While the simple blast match is inheritably less complex than other traditional DNA barcodes identification methods [i.e.: the above mentioned barcoding gap analysis and, the potentially more direct Automatic Barcoding Gap Discovery (ABGD) (Puillandre et al. 2012)]. The argument we make is that given the shared limitation and the common need for additional data in an integrated approach, a faster and simpler blast match provides a relatively similar additional amount of information for the species identification while being more easily repeatable, especially considering the value of standardized data among aquariums (da Silva et al. 2019) and in light of the ever increasing quantity of reference materials being added to GenBank and BOLD.

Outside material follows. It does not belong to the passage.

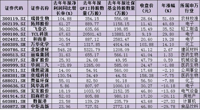 进一步梳理发现,共有18家上市公司前十大流通股股东中同时出现社保基金和QFII身影。

Available sequences libraries are not exhaustive, and probably never will be. That should not stop us from attempting identifications based on the best available knowledge. All identifications must fit within the context of our evolving understanding of taxonomy, where new descriptions invalidate existing ones and often we do not have unambiguous taxonomic descriptions for every species (Simpson 1951; Wiley 1978; Mayr 1982, 2000; Nixon and Wheeler 1990; Medlin et al. 1995). The reality is that barcoding as an independent tool of identification has its clear limitation (Van Oppen et al. 1999a, b; Ferguson 2002; Shearer et al. 2002; Lee 2004; Moritz and Cicero 2004; DeSalle et al. 2005; Knapp et al. 2005; Meyer and Paulay 2005; Prendini 2005; Hickerson et al. 2006; Meier et al. 2006, 2008; Cognato 2006; Little and Stevenson 2007; Kitahara et al. 2010), and coral barcoding is no exception. With some of the concern on the use of genetic repertories in common of all the methods explored in this study, we strongly recommend an integrated diagnostic approach, combining morphological and genetic means of identification, in agreement with C. Moritz in “DNA Barcoding: Promise and Pitfalls” (Moritz and Cicero 2004). Proposing the use of barcoding and query matching as an additional tool for identification, increasing confidence of experts and both confidence and capacity of non-experts’ taxonomist. Producing this way reliably identified sequences that can potentially become new reference, adding to the repertories already freely available. Considering the specific needs of the aquarium community and their critical role to support corals conservation [i.e., by hosting at least 24% of the corals assessed as highly vulnerable to climate change (da Silva et al. 2019)], we emphasise the value of integrating standardised barcoding analysis, and specimen morphology photographs to optimise usage of authoritative identification guides and expert opinion.